Голос почти пел, пел – словно бы из другого мира.
– Я закрываю глаза, – звучали певучие слова, – и вижу все это перед собой. Вижу церковь – она очень высокая, даже выше, чем громадные деревья вокруг епископского дворца. Вижу зеленую траву, и воду, и солнечные блики на камнях, и косые тени между опорами. Но вслушайтесь! Я слышу колокола и крики галок. Галки на колокольне – вы слышите их крики?
Да, он слышал галок – не менее отчетливо, чем попугаев за окном. Он был здесь и в то же самое время там: здесь, в полутемной душной комнате вблизи экватора, но также и там, далеко, в прохладной лощине на краю Мендипса, где галки кричали на колокольне, и звон колоколов таял посреди зелени и тишины.
– А белые облака! – звучал голос. – Как изысканно-бледно, как нежно голубеет меж ними небо!
«Небо», – мысленно повторил Уилл; нежно-голубое апрельское небо накануне их с Молли несчастливой свадьбы. Они вместе провели уик-энд: в траве цвели маргаритки и одуванчики, а за рвом с водой высилась огромная церковь, словно бросая вызов растрепанным, нежным весенним облакам строгой правильностью линий. Бросала вызов – и одновременно дополняла их, обретая совершенство в примирении. Вот так же им с Молли предстояло дополнить друг друга, обрести взаимное равновесие.
– А лебеди! – мечтательно пел голос, – лебеди...
Да, лебеди – белые лебеди, скользящие по зелено-черному водному зеркалу, которое будто дышало, вздымаясь и дрожа, и серебряные отражения разбивались и собирались вновь, дробились и сливались воедино...
– Они подобны изображениям на гербах. Романтические, удивительно прекрасные птицы. Вот они плывут – настоящие, живые лебеди. Так близко, что, кажется, их можно коснуться, и все же далеко, далеко – в тысячах миль отсюда. Далеко, далеко они скользят по зеркальной глади, словно зачарованные, плавно и величественно...

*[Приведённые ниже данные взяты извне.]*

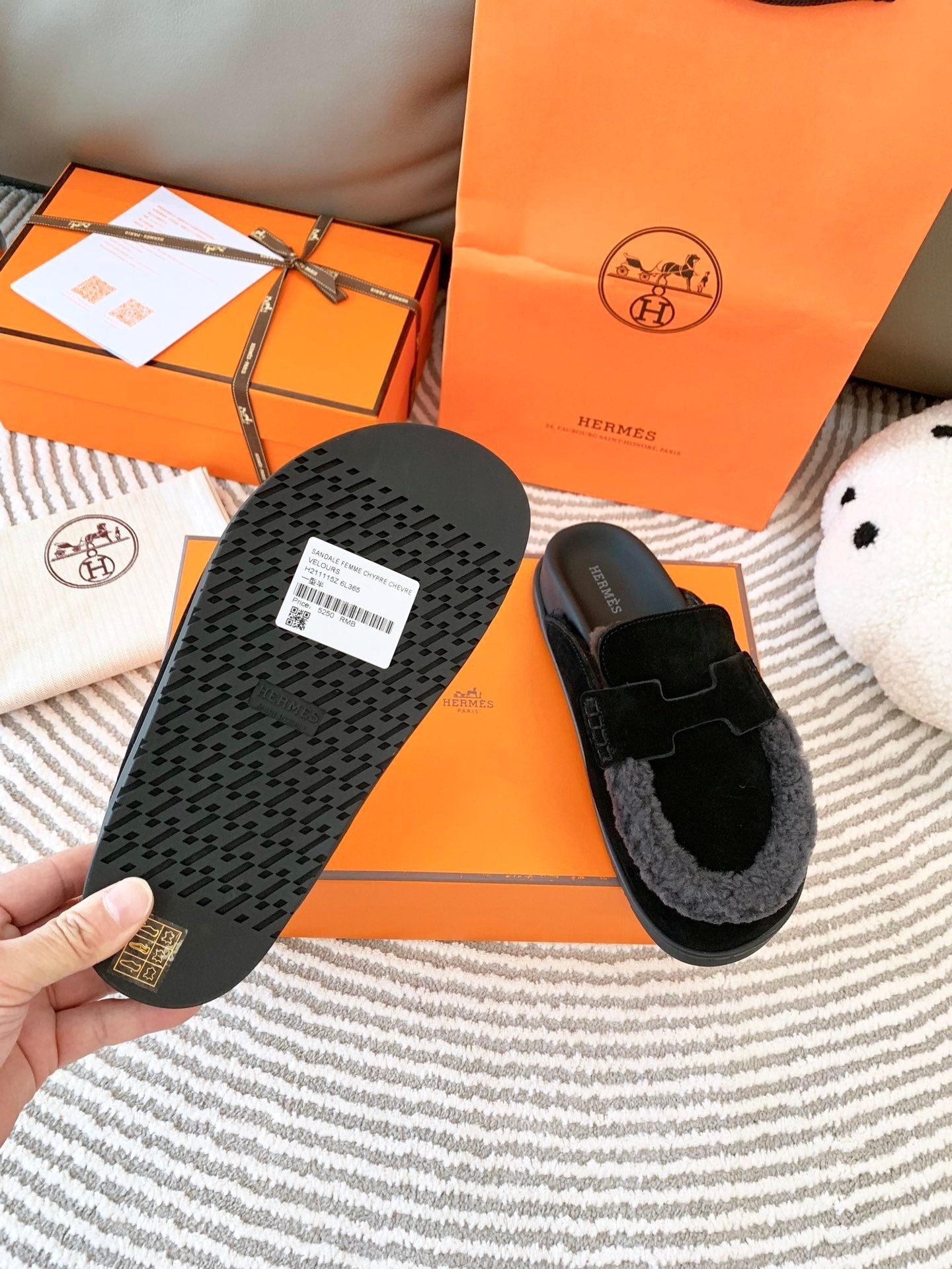 HM Go Mule Black Mix Grey Black Suede Lined With Wool Fleece 963221

Величественно и плавно, и темная вода вздымается и расступается под напором изогнутых белых килей; мелкие волны бегут назад и расходятся блистающими стрелками. Уилл видел лебедей, плывущих по темному зеркалу, слышал крики галок на колокольне и вдыхал смешивающийся с запахами лекарств и гардений прохладный, низинный, травяной аромат готического рва в той далекой зеленой лощине.
– Плывут плавно, без усилий... Без усилий...
Слова приносили ему глубочайшее удовлетворение.
– Я сидела у воды, – говорила Сьюзила, – и смотрела, смотрела...
По гладкой поверхности, являющейся гранью меж «здесь» и «там», меж: «тогда» и «теперь»... Той самой гранью, подумала Сьюзила, которая пролегает меж воспоминаниями о счастье и мучительной, неотвратимой пустотой одиночества.
– Плыть, – сказала она вслух, – по зеркальной плоскости, по грани, разделяющей воображаемое и действительное, внешнее и внутреннее, приходящее из самой глубины...
Она положила руку ему на лоб, и вдруг слова обратились в предметы и явления, которые за ними стояли; образы превратились в факты. Уилл почувствовал, что действительно плывет.
– Плыть, – мягко настаивал голос, – плыть по воде, как белая птица. Плыть по большой реке жизни – величественной, безмолвной реке, текущей тихо, тихо, будто во сне... сонная река, – продолжала она, – но течение ее неодолимо. Жизнь течет безмолвно и неодолимо – в более полную жизнь, в живой покой, неколебимый, обильный, совершенный, которому ведома всякая наша горечь и боль, он знает о них, поглощает их, растворяя в собственной сущности. Туда, в тот покой, ты плывешь, плывешь по гладкой безмолвной реке, которая спит и все же движется неустанно; течет неустанно – именно потому, что спит. И я плыву вместе с рекой.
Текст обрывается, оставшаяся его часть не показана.